▶ **Records to use**:
Content starts

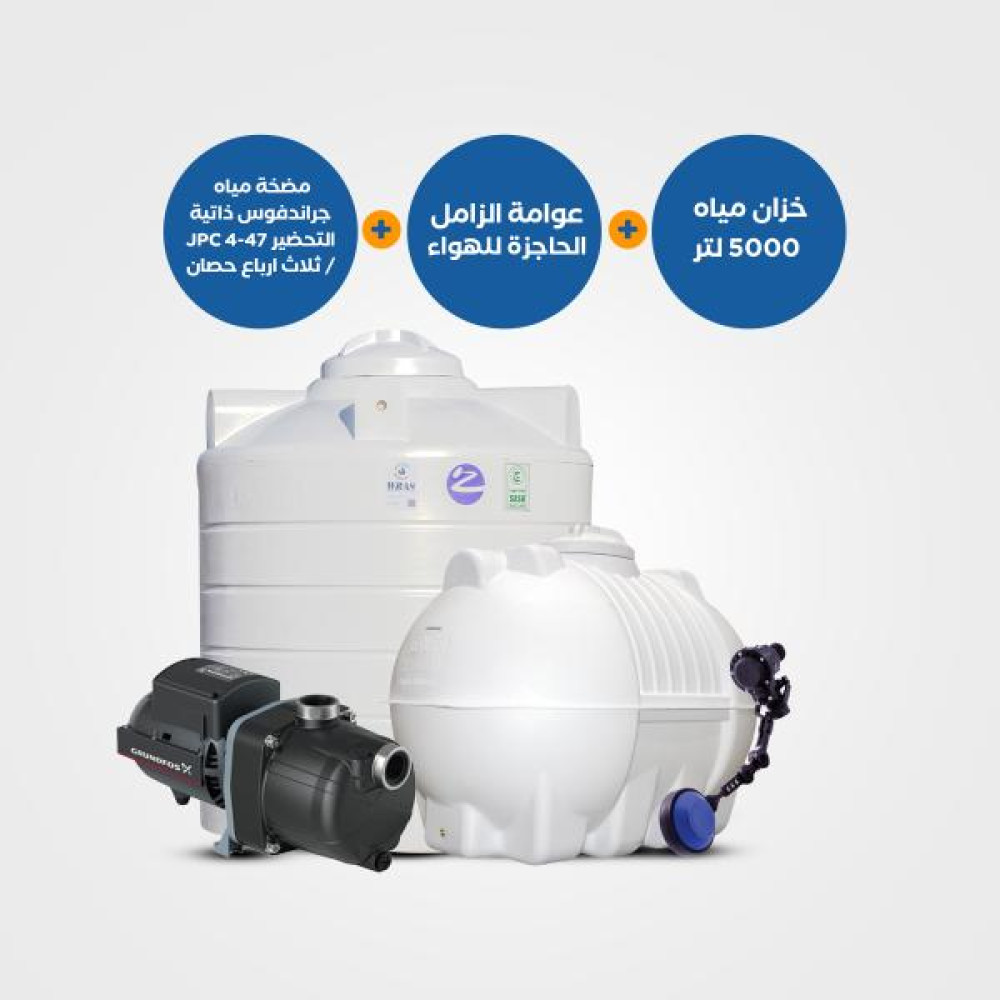بندل: خزان مياه 5000 لتر أفقي أو عامودي + مضخة جراندفوس JPC 4-47 ثلاث أرباع حصان + عوامة الزامل الحاجزة للهواء
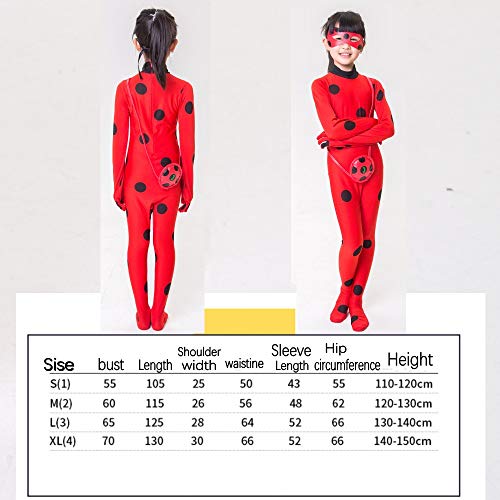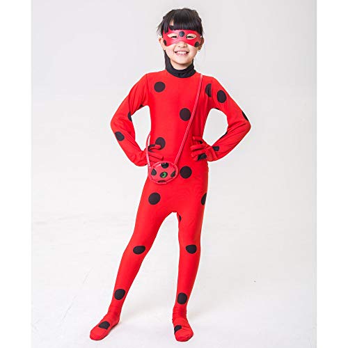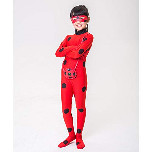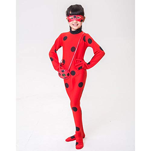 - ❥❥ TRAJES CLÁSICOS ANIMADOS: Disfraz de mariquita de niñas Disfraz de superhéroe de cosplay de fiesta de disfraces de Halloween para niños, a juego con la máscara de ojo y yo-yo bolsa, 3pcs vestirse trajes.
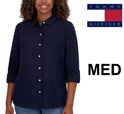 WOMENS TOMMY HILFIGER Roll Tab Blouse - MEDIUM - NAVY BLUE ( STYLE:5302001)
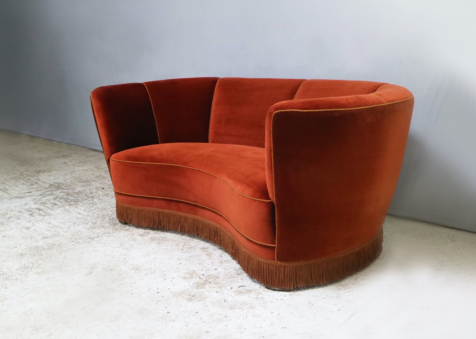 1930s Danish Art Deco 3 Seat Red Velvet Sofa
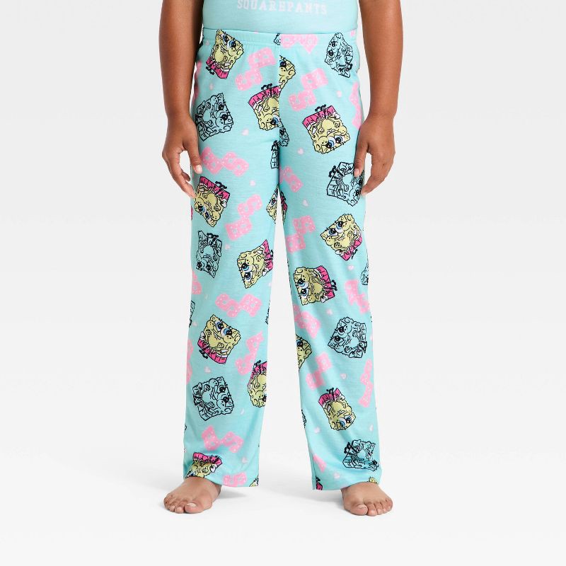Girls' 2pc SpongeBob SquarePants T-Shirt and Pants Pajama Set - Turqouise Blue S
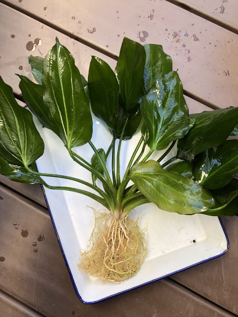 エキノドルスオパクス2000 自宅水槽での増植株です。大きな株でとても元気良くきれいです。名称は購入時のときのものです。トレーの大きさは横36、縦26㎝。水上に出ていた葉先に枯れやカットした部分があります。草体のみの発送です。輸送中に葉が折れたり取れたりすることがあります。素人育成ですので細かなことを気にされる方はご遠慮ください。また生き物ですので状態の変化により出品を取り消す場合があります。以上ご理解の上お願いいたします。
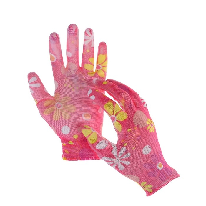 Изделия выполнены из нейлона и латекса и имеют специальную PVC-пропитку: такое сочетание материалов делает их особенно износоустойчивыми. Яркая расцветка поможет легко и быстро найти пропажу среди грядок.
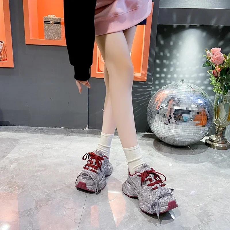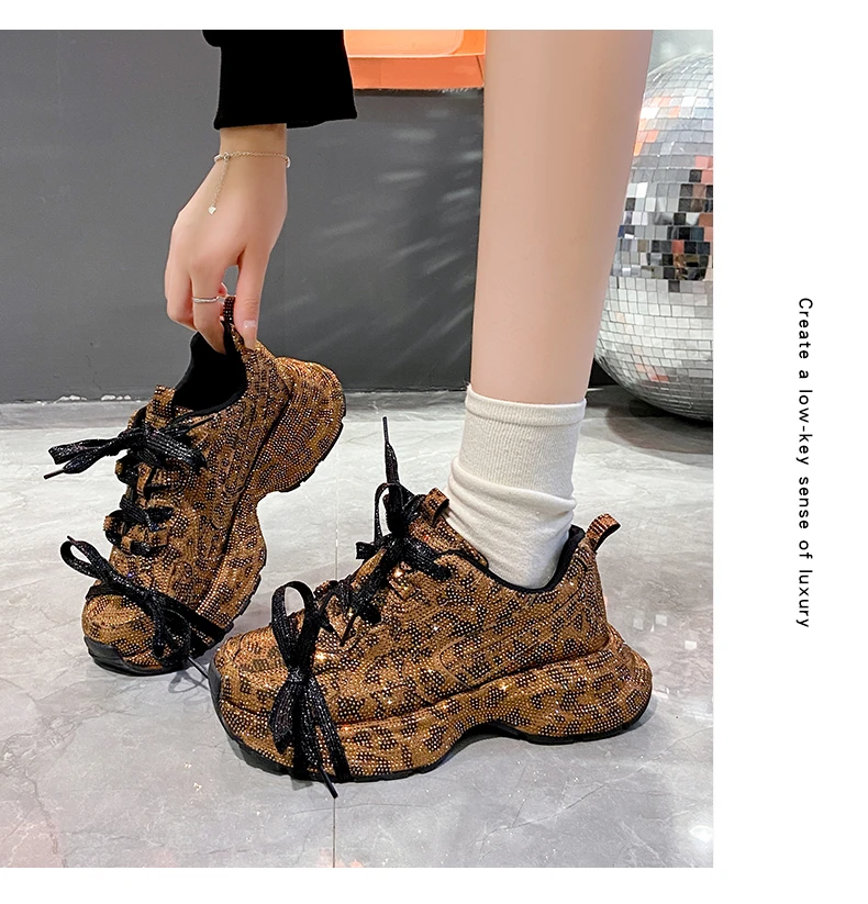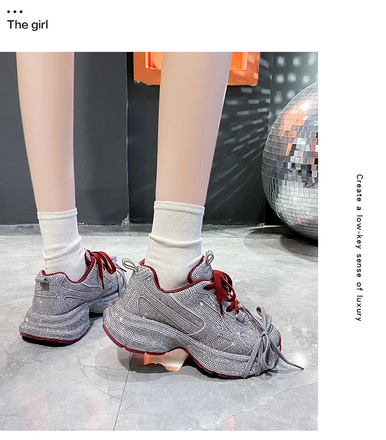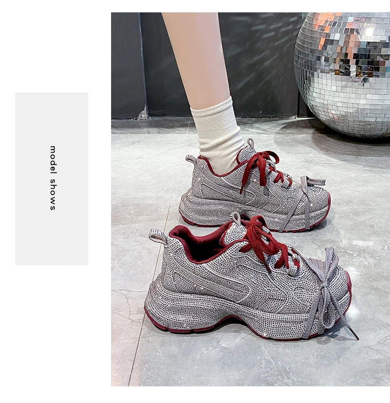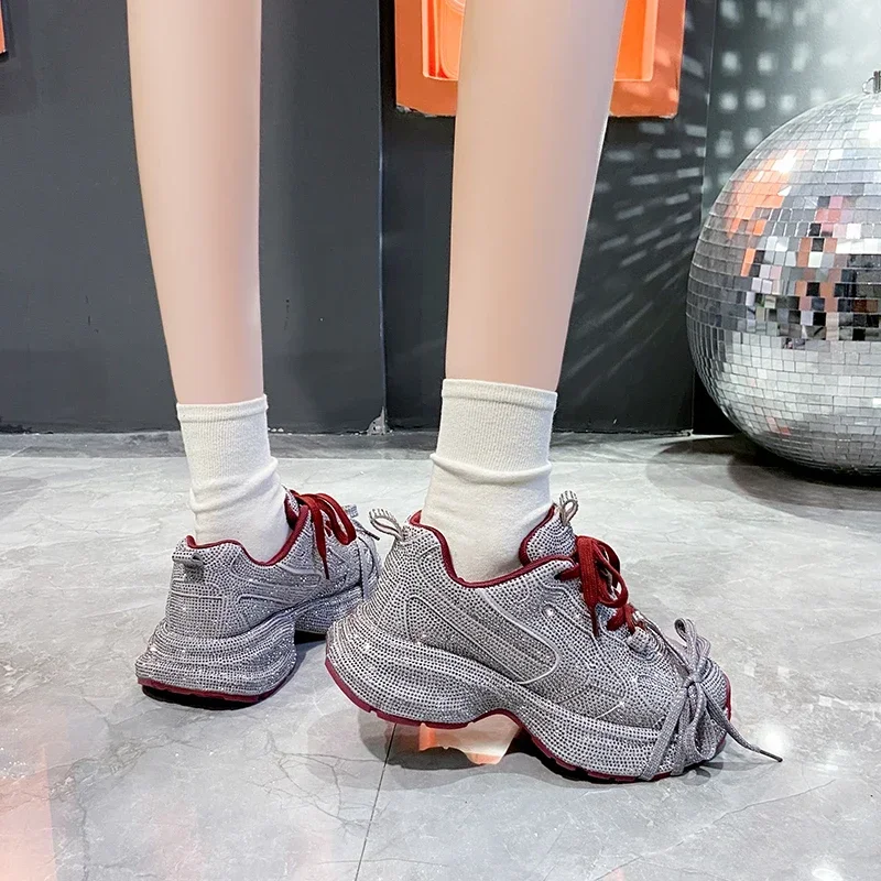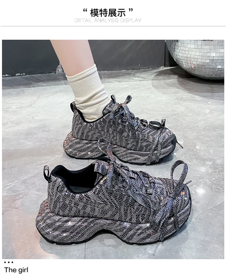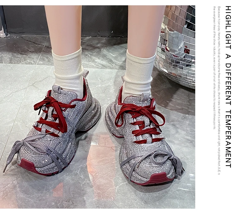 2024 Fashion Luxury Diamond Women’s Thick soled Sports Shoes Shining Designer Women’s Casual Shoes Comfortable Running Shoes
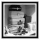 This black and white still life photo print features a collection of cosmetics brushes, lotions, cases and perfume bottles.
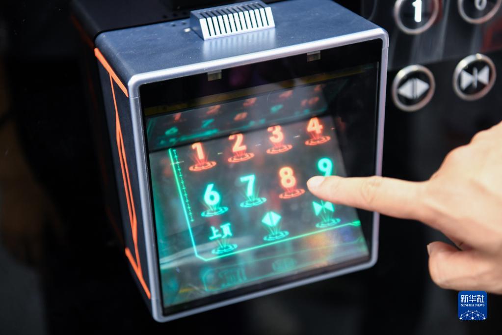 8月16日,觀眾在第十屆中國電子信息博覽會上體驗非接觸空氣成像電梯按鍵。

Content ends

▶ **Work required**: Excluding images, output exactly the lines from the one that holds "Изделия выполнены из" through the final line of the material, both ends included.

▶ **Reply to the exercise**:
 Изделия выполнены из нейлона и латекса и имеют специальную PVC-пропитку: такое сочетание материалов делает их особенно износоустойчивыми. Яркая расцветка поможет легко и быстро найти пропажу среди грядок.
 2024 Fashion Luxury Diamond Women’s Thick soled Sports Shoes Shining Designer Women’s Casual Shoes Comfortable Running Shoes
 This black and white still life photo print features a collection of cosmetics brushes, lotions, cases and perfume bottles.
 8月16日,觀眾在第十屆中國電子信息博覽會上體驗非接觸空氣成像電梯按鍵。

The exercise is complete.